活動報告

政治信条――説明責任と現場主義>

得票の重み

選挙の実際の根幹

支援者に恵まれて――浪人を経て

立候補の決意から退職まで

自民党の公認制度

公認獲得レース

学生の頃の政治状況

公約達成を政治家の通信簿に

後半の国会審議――国民投票法案など

総裁の要件――国益、説明責任、決断力

リーダーの生き様、死に様

 

皆さんこんにちは。私は平成七年商学部の卒業、弁論部で四年間やってきました林潤であります。昨年九月の総選挙で初当選をいたしまして、現在まで六カ月間働かせていただいております。専門は、年金や介護や医療といった社会保障の問題に取り組んでおりまして、厚生労働委員をやっております。そのほかに憲法調査会というのに所属をしております。憲法は学生のときからずっと取り組んできたもので、今、国会議員としてこの憲法問題を論じていられるということに、本当に充実感を感じております。もう一個は災害対策特別委員会というところで、首都圏直下型地震が起きたときの備えをどうするか、考えているところです。

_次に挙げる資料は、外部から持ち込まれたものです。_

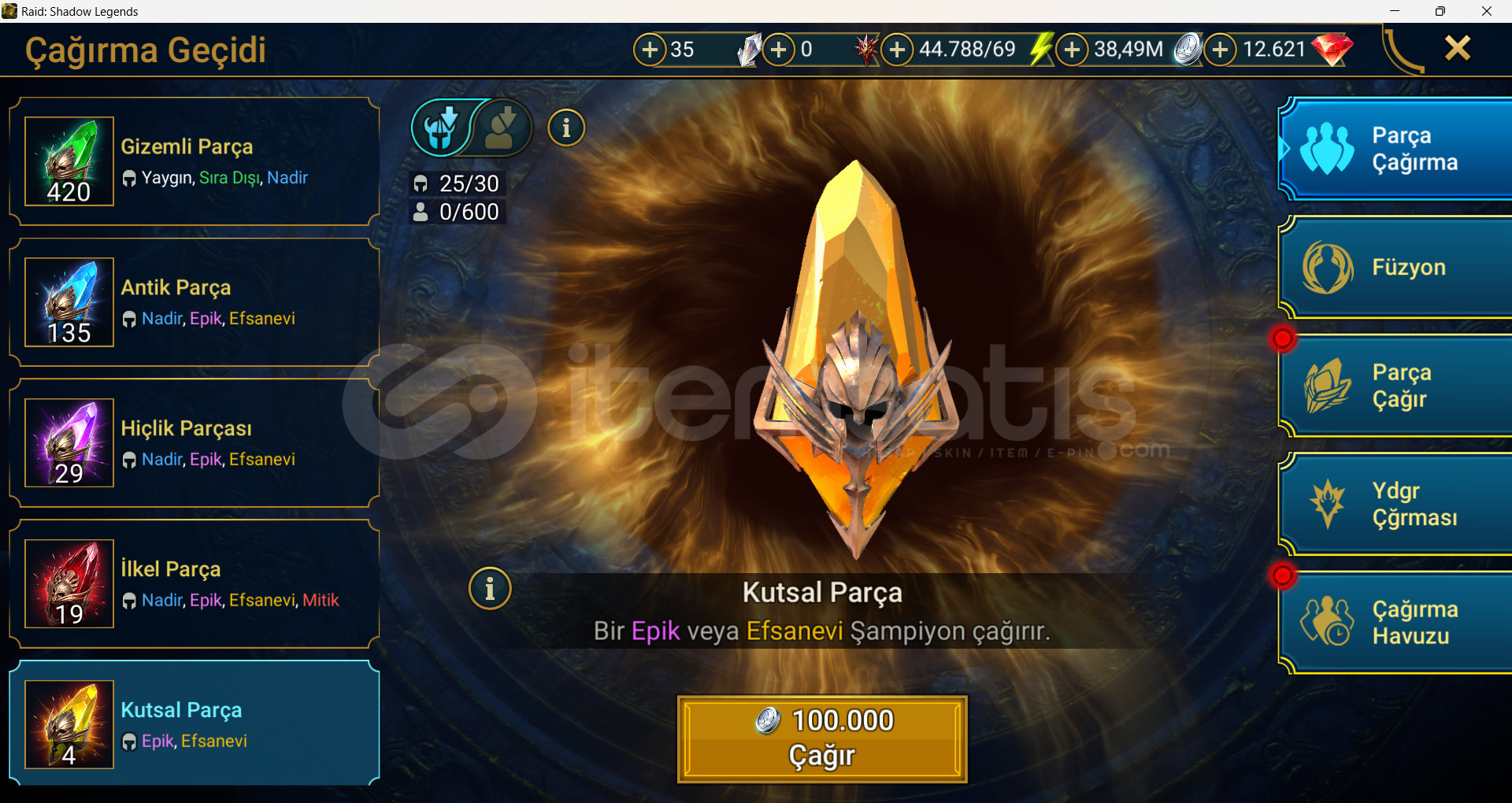 Hesaplar sizin mail adresinize bağlanacaktır. Bu sebeple sipariş verdikten sonra bana oyuna bağlı olmayan bir mail adresi vermeniz gerekiyor.🔴 Mitik Taş: 19🟠 Sarı Taş: 4🟣 Hiçlik Taşı: 29🔵 Mavi Taş: 135💎 Cevher: 12.596 (+150 Mavi daha alınabilir)⚡️ Enerji: 44788🪙 Gümüş: 38495430🔑 CB Anahtarı: 62🍺 Geliştirme İçkisi: 857...
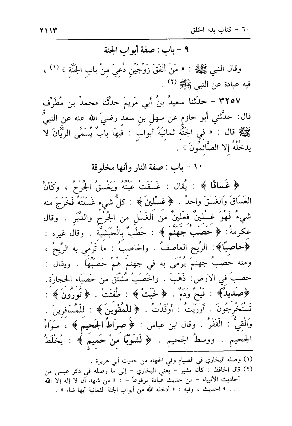 3257 - حَدَّثَنَا سَعِيدُ بْنُ أَبِي مَرْيَمَ، حَدَّثَنَا مُحَمَّدُ بْنُ مُطَرِّفٍ، قَالَ: حَدَّثَنِي أَبُو حَازِمٍ، عَنْ سَهْلِ بْنِ سَعْدٍ رَضِيَ اللَّهُ عَنْهُ، عَنِ النَّبِيِّ صَلَّى اللهُ عَلَيْهِ وَسَلَّمَ، قَالَ: «فِي الجَنَّةِ ثَمَانِيَةُ أَبْوَابٍ، فِيهَا بَابٌ يُسَمَّى الرَّيَّانَ، لاَ يَدْخُلُهُ إِلَّا الصَّائِمُونَ».
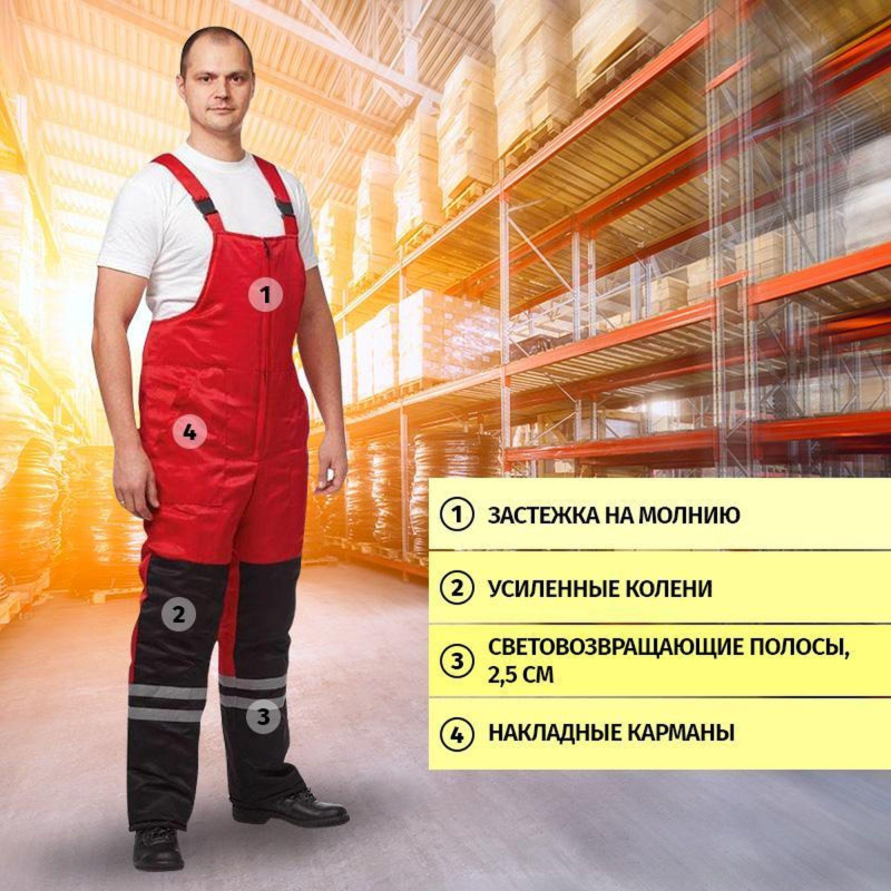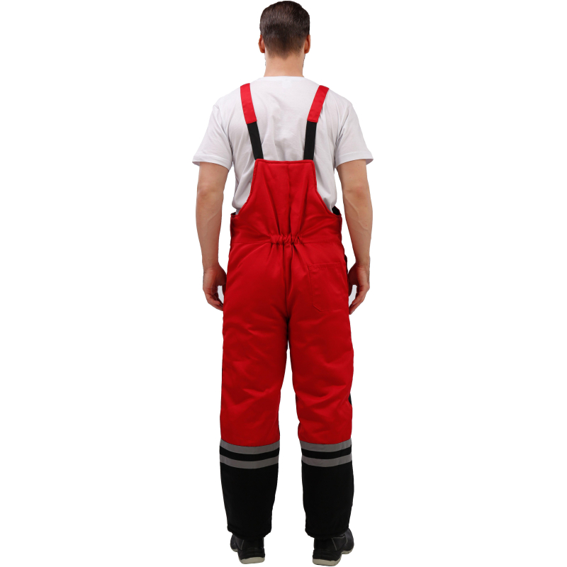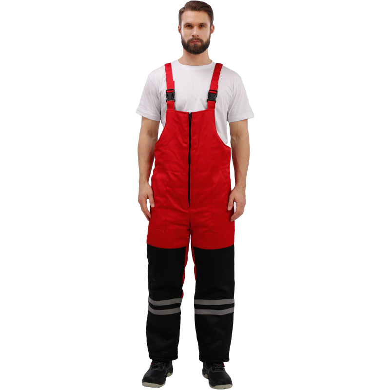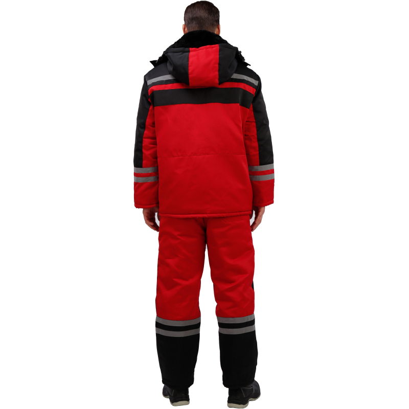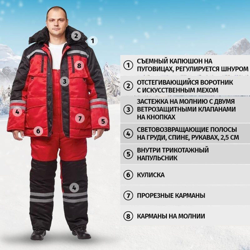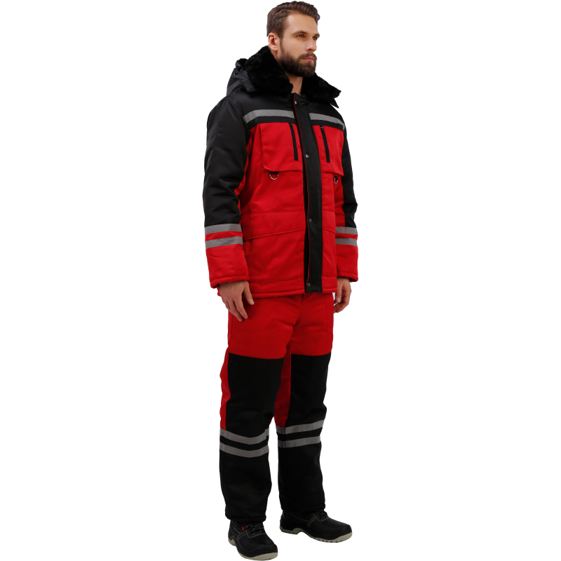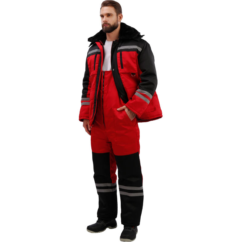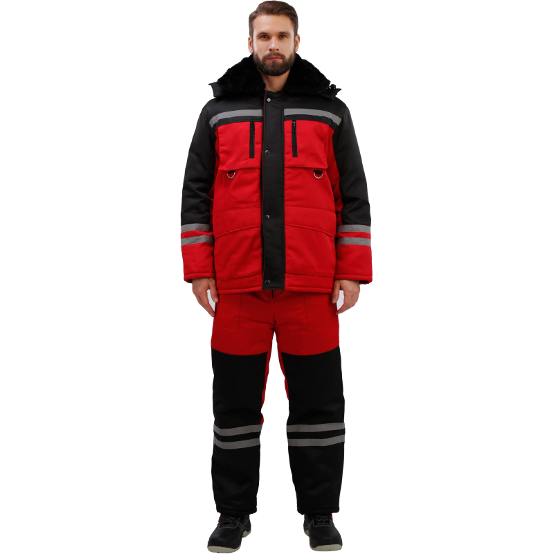 Спецодежда зимняя костюм мужской з03-КПК состоит из куртки и полукомбинезона (размер 56-58, рост 182-188) красного цвета с черными вставками. Изготовлен из смесовой ткани с водоотталкивающей пропиткой (80% полиэстер, 20% хлопок), плотность ткани - 190 г/кв.м. Утеплитель из синтепона, плотностью - 360 г/кв.м (основа) и 240 г/кв.м (руки/ноги). Технология изготовления термоскрепленного синтепона (евросинтепона) позволяет использовать данный утеплитель для создания более тонких изделий с сохранением термозащитных свойств. Важными преимуществами утеплителя являются легкость и хорошая пластичность, что улучшает подвижность в костюме. А также исключение миграции волокна через ткани верха и подкладки за счет скрепления слоев. Материал подкладки - 100% полиэстер. Светоотражающая полоса размещена на груди, спине, рукавах, а также внизу полукомбинезона. Куртка с центральной застежкой на молнию, двумя ветрозащитными клапанами, съемным утепленным капюшоном, нижними прорезными и верхними накладными карманами. Полукомбинезон классического покроя с усилением в области колен и молниями по низу боковых швов. Костюм обеспечивает защиту от пониженных температур и производственных загрязнений. ГОСТ 12. 4. 303-2016. Законодательные и технические документы
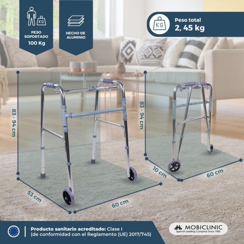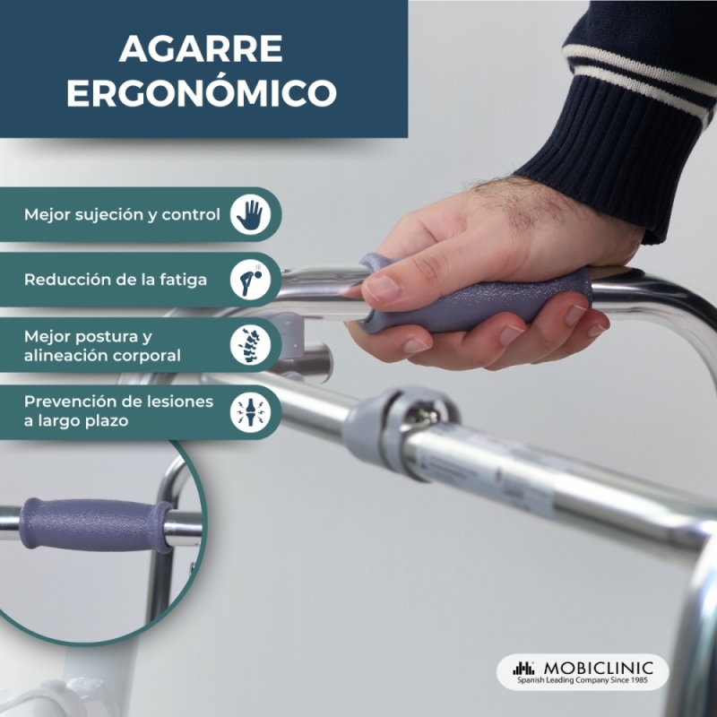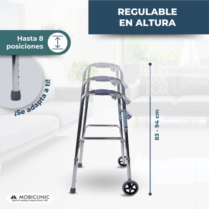 Es regulable en altura, por lo que es adaptable a las necesidades de cada usuario. Cuenta con puños ergonómicos que ofrecen comodidad y confort durante el uso. Y tiene un botón en el chasis que permite plegar el andador ortopédico cuando sea necesario, una vez plegado se podrá almacenar sin ocupar apenas espacio.
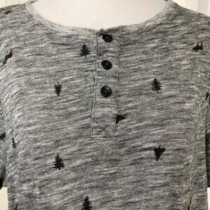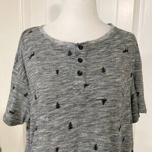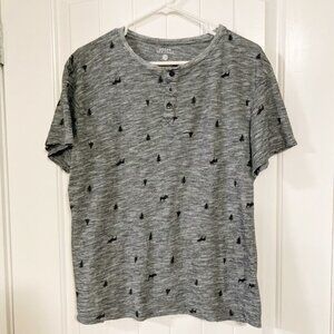 URBAN HERITAGE Dark blueish grey striped t-shirt w/ tree and moose print ~ LARGE
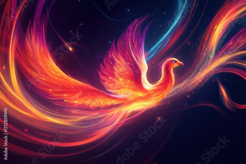 Fiery phoenix soaring, cosmic trails, night sky, fantasy art, design
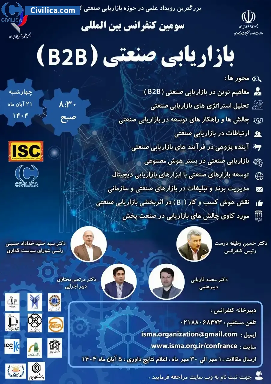 3rd International Conference on Industrial Marketing In date 2025-11-12 by ,Iran Scientific Marketing Institute in City Tehran was held.This conference is held by Civilica Sponsoring and articles and will be indexed in CIVILICA

まず始めに、こうして先輩方にお集まりいただきましたことに、心より感謝を申し上げます。私、弁論部の釜の飯を食って、そこで育てていただき、卒業してから退職まで、そして浪人中、いずれも弁論部の先輩方を含めた塾の皆さんと接してきまして、「独立自尊」の精神というのがわかってきたのは、卒業後です。こうした素晴らしい先輩方に囲まれて、今日私が話すのは甚だ僭越ではありますけれども、自分の視点で、飾らないで、気取らないでお話をさせていただきたいと思いますので、どうぞよろしくお願いいたします。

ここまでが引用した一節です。